Entries provided
▶

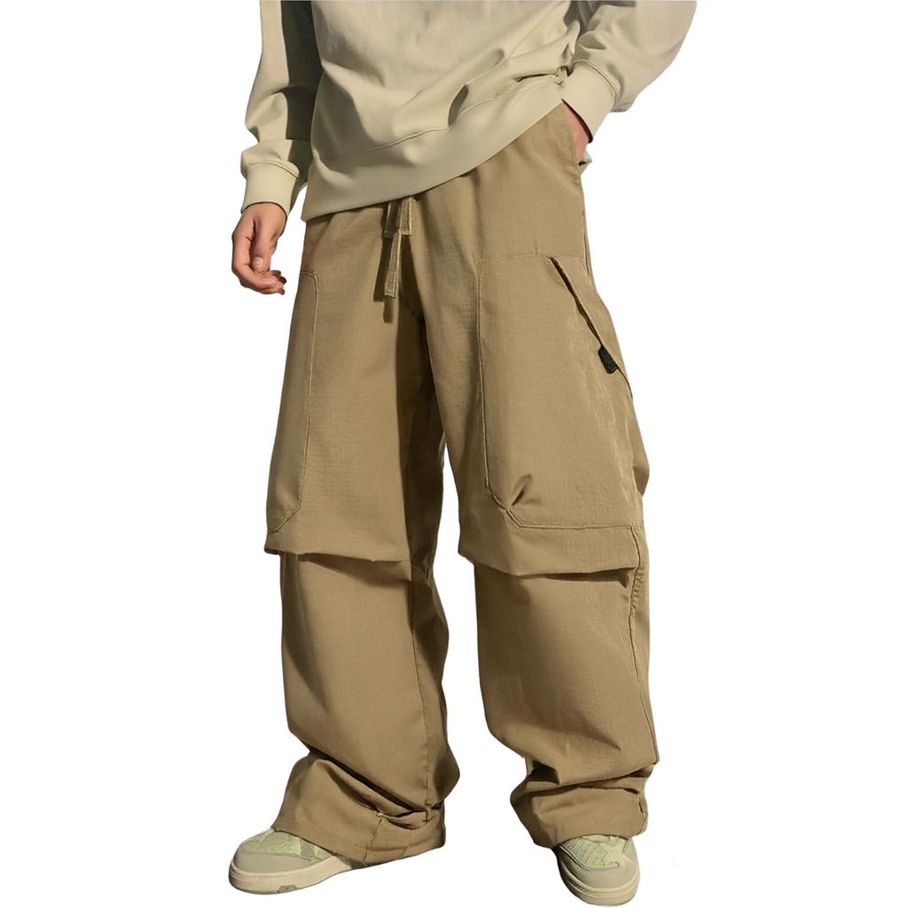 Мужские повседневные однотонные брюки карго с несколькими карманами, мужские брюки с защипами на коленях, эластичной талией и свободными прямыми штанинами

◀
▶

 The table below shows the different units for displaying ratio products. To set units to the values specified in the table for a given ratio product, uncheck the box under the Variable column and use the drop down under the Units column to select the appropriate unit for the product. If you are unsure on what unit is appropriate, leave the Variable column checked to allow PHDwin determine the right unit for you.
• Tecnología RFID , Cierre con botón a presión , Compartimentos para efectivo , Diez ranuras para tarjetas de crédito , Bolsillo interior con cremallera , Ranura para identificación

◀

Task requirements
Retype only this portion of the data above: the line containing "The table below", the line containing "Ranura para identificación", and all lines between them, exactly.

Task output
 The table below shows the different units for displaying ratio products. To set units to the values specified in the table for a given ratio product, uncheck the box under the Variable column and use the drop down under the Units column to select the appropriate unit for the product. If you are unsure on what unit is appropriate, leave the Variable column checked to allow PHDwin determine the right unit for you.
• Tecnología RFID , Cierre con botón a presión , Compartimentos para efectivo , Diez ranuras para tarjetas de crédito , Bolsillo interior con cremallera , Ranura para identificación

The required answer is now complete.